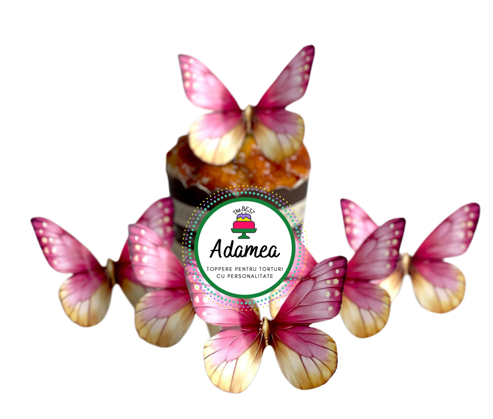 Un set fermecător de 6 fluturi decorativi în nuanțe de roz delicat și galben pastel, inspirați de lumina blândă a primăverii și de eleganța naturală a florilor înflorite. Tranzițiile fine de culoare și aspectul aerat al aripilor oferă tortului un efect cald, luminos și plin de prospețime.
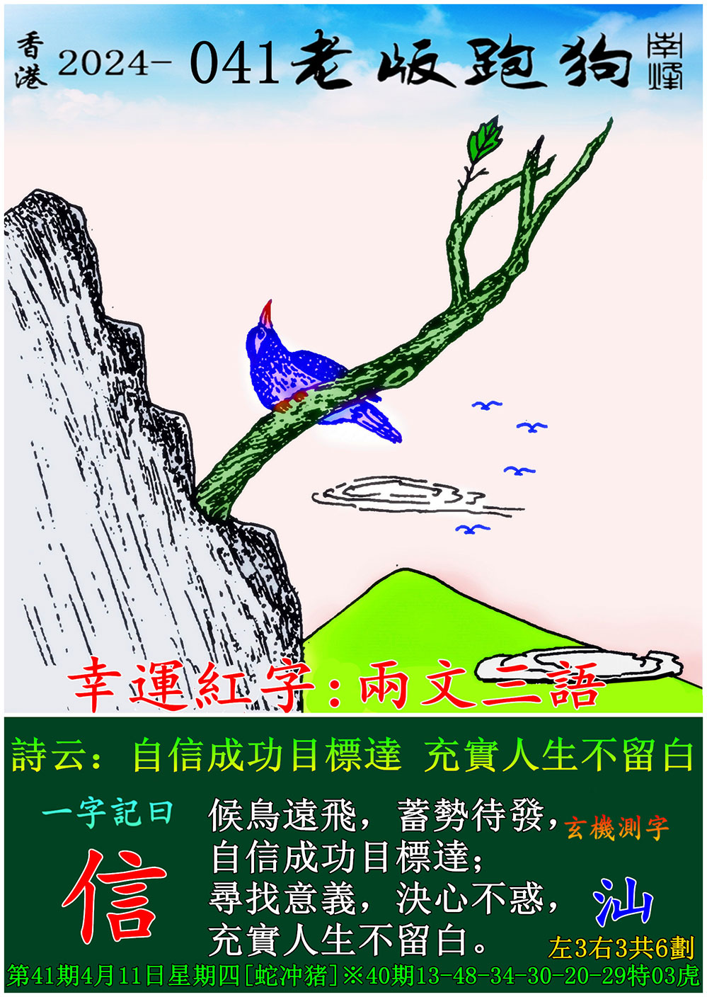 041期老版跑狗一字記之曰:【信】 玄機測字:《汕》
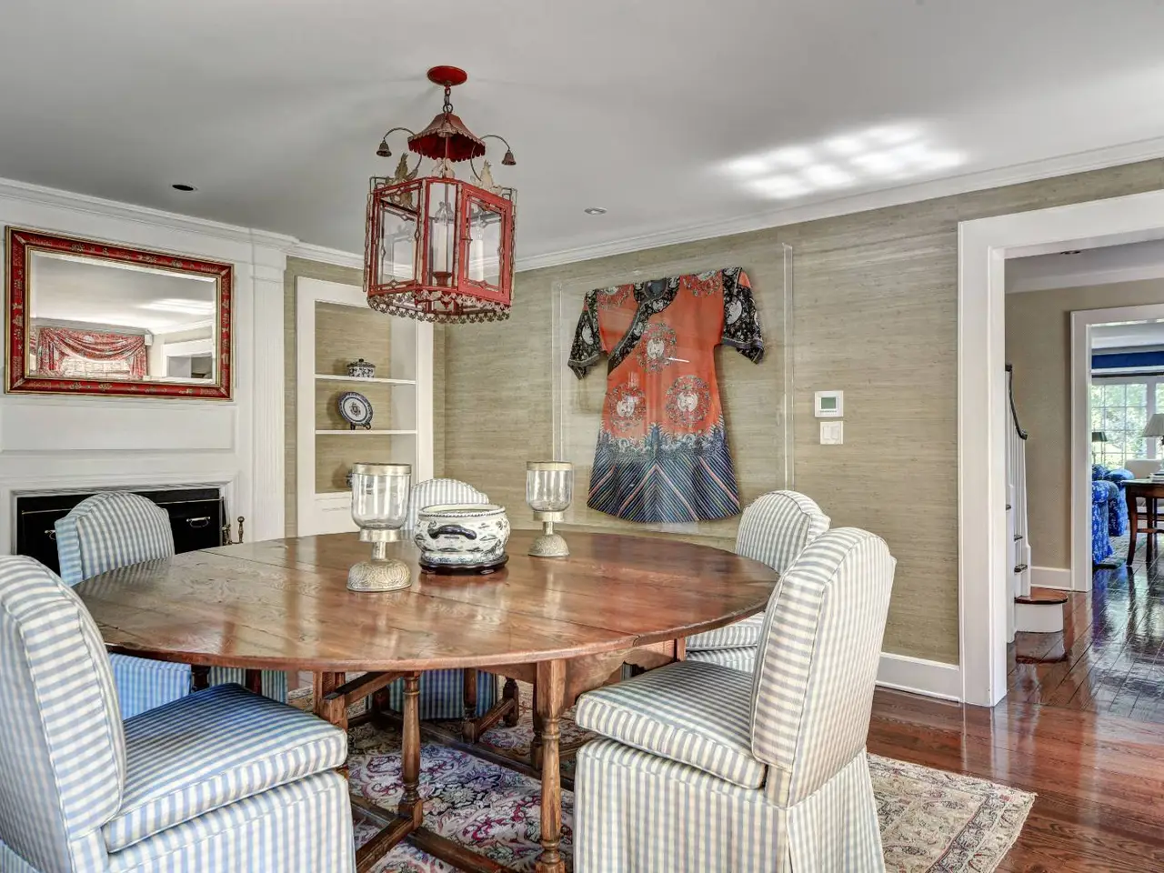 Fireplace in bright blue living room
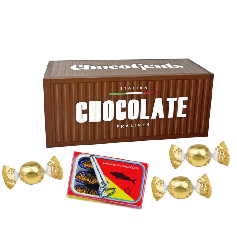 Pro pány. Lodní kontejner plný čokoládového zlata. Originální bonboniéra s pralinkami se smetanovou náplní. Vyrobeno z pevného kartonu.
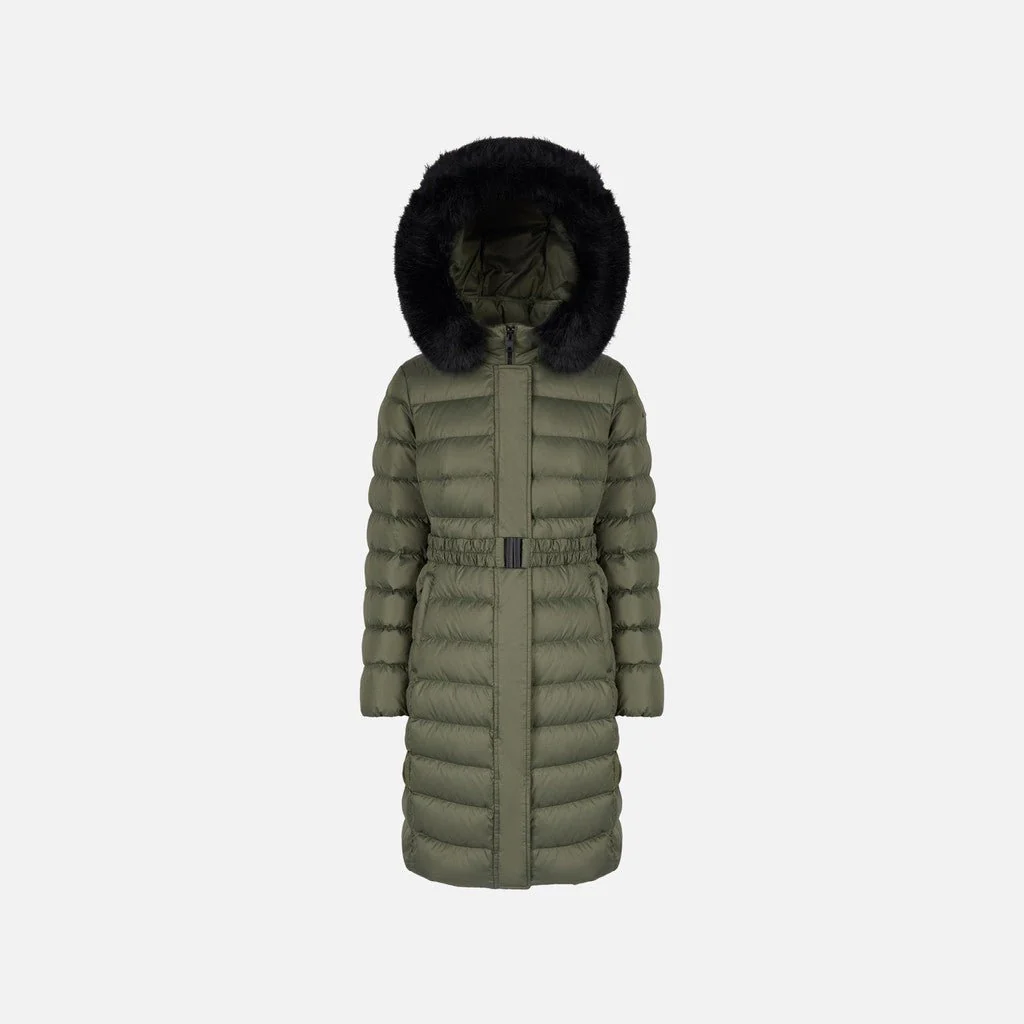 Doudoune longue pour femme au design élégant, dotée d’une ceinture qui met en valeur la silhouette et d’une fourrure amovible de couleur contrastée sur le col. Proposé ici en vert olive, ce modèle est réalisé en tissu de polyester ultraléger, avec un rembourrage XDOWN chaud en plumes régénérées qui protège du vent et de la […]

==

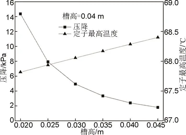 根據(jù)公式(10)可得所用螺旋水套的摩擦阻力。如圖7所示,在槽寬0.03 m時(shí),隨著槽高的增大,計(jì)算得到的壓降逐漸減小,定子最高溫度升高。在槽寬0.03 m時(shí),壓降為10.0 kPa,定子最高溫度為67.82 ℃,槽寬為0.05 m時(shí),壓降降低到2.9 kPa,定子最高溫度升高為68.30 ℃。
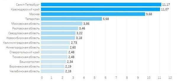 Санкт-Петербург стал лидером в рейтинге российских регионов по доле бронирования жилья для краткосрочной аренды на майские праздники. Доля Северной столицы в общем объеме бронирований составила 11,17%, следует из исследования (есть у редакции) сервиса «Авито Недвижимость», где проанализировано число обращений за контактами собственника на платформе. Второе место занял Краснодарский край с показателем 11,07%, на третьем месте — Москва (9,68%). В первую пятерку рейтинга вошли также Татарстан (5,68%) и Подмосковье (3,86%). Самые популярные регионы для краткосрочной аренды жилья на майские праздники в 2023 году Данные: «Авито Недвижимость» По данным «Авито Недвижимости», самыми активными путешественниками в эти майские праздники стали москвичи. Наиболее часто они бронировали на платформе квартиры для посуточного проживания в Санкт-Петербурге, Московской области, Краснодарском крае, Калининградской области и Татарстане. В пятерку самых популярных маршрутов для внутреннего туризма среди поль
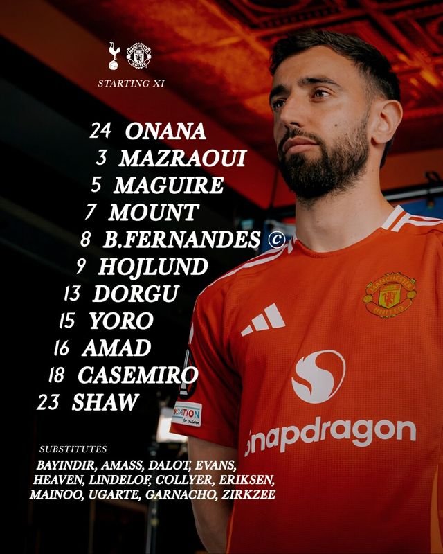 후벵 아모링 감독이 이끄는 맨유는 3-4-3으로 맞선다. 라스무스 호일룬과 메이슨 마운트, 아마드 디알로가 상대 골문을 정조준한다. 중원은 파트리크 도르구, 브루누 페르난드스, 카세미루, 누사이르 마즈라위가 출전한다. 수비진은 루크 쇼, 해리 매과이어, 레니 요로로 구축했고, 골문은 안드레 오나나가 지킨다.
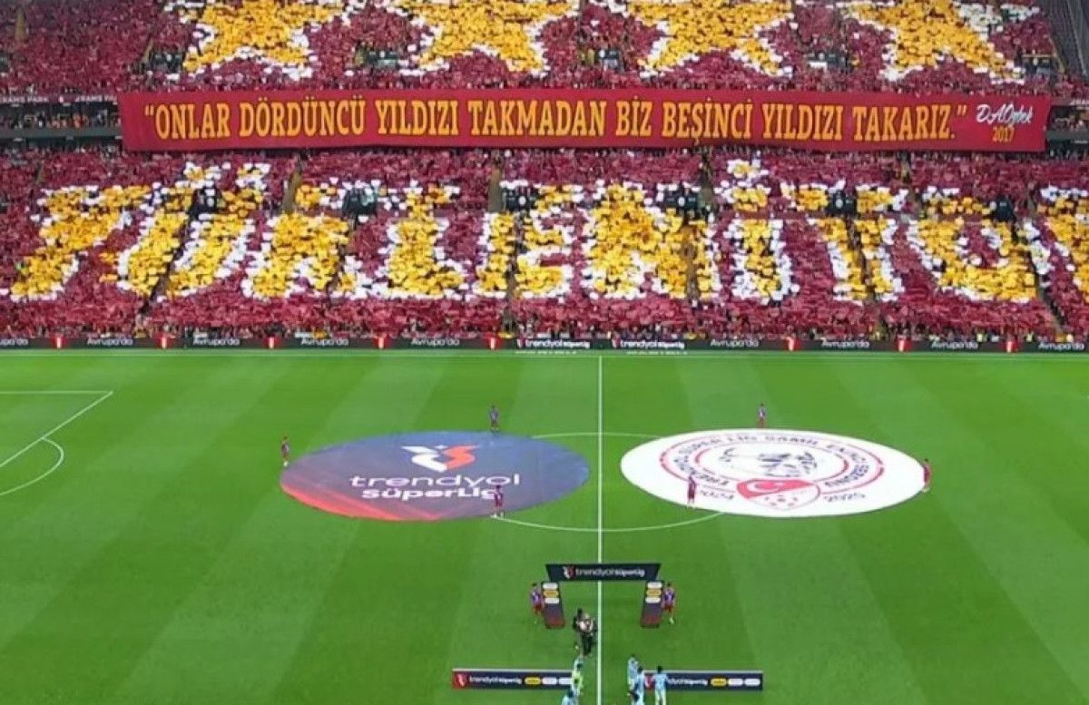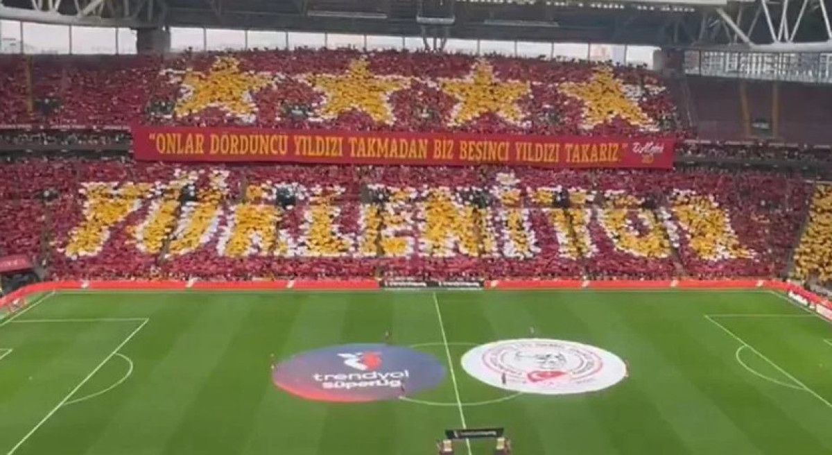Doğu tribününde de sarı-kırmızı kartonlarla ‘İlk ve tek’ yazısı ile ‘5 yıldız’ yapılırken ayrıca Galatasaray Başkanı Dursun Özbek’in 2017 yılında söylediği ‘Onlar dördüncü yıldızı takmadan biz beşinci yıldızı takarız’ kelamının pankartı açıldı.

▶ PROBLEM STATEMENT
For this exercise, transcribe exactly the part of the records above that opens with the line containing "m時(shí),壓降降低到2.9 kPa,定子最高溫度升高為68.30 ℃。" and closes with the one containing "후벵 아모링 감독이 이끄는". Pictures are not part of the copy.

▶ RESULT FOR THIS TASK
 根據(jù)公式(10)可得所用螺旋水套的摩擦阻力。如圖7所示,在槽寬0.03 m時(shí),隨著槽高的增大,計(jì)算得到的壓降逐漸減小,定子最高溫度升高。在槽寬0.03 m時(shí),壓降為10.0 kPa,定子最高溫度為67.82 ℃,槽寬為0.05 m時(shí),壓降降低到2.9 kPa,定子最高溫度升高為68.30 ℃。
 Санкт-Петербург стал лидером в рейтинге российских регионов по доле бронирования жилья для краткосрочной аренды на майские праздники. Доля Северной столицы в общем объеме бронирований составила 11,17%, следует из исследования (есть у редакции) сервиса «Авито Недвижимость», где проанализировано число обращений за контактами собственника на платформе. Второе место занял Краснодарский край с показателем 11,07%, на третьем месте — Москва (9,68%). В первую пятерку рейтинга вошли также Татарстан (5,68%) и Подмосковье (3,86%). Самые популярные регионы для краткосрочной аренды жилья на майские праздники в 2023 году Данные: «Авито Недвижимость» По данным «Авито Недвижимости», самыми активными путешественниками в эти майские праздники стали москвичи. Наиболее часто они бронировали на платформе квартиры для посуточного проживания в Санкт-Петербурге, Московской области, Краснодарском крае, Калининградской области и Татарстане. В пятерку самых популярных маршрутов для внутреннего туризма среди поль
 후벵 아모링 감독이 이끄는 맨유는 3-4-3으로 맞선다. 라스무스 호일룬과 메이슨 마운트, 아마드 디알로가 상대 골문을 정조준한다. 중원은 파트리크 도르구, 브루누 페르난드스, 카세미루, 누사이르 마즈라위가 출전한다. 수비진은 루크 쇼, 해리 매과이어, 레니 요로로 구축했고, 골문은 안드레 오나나가 지킨다.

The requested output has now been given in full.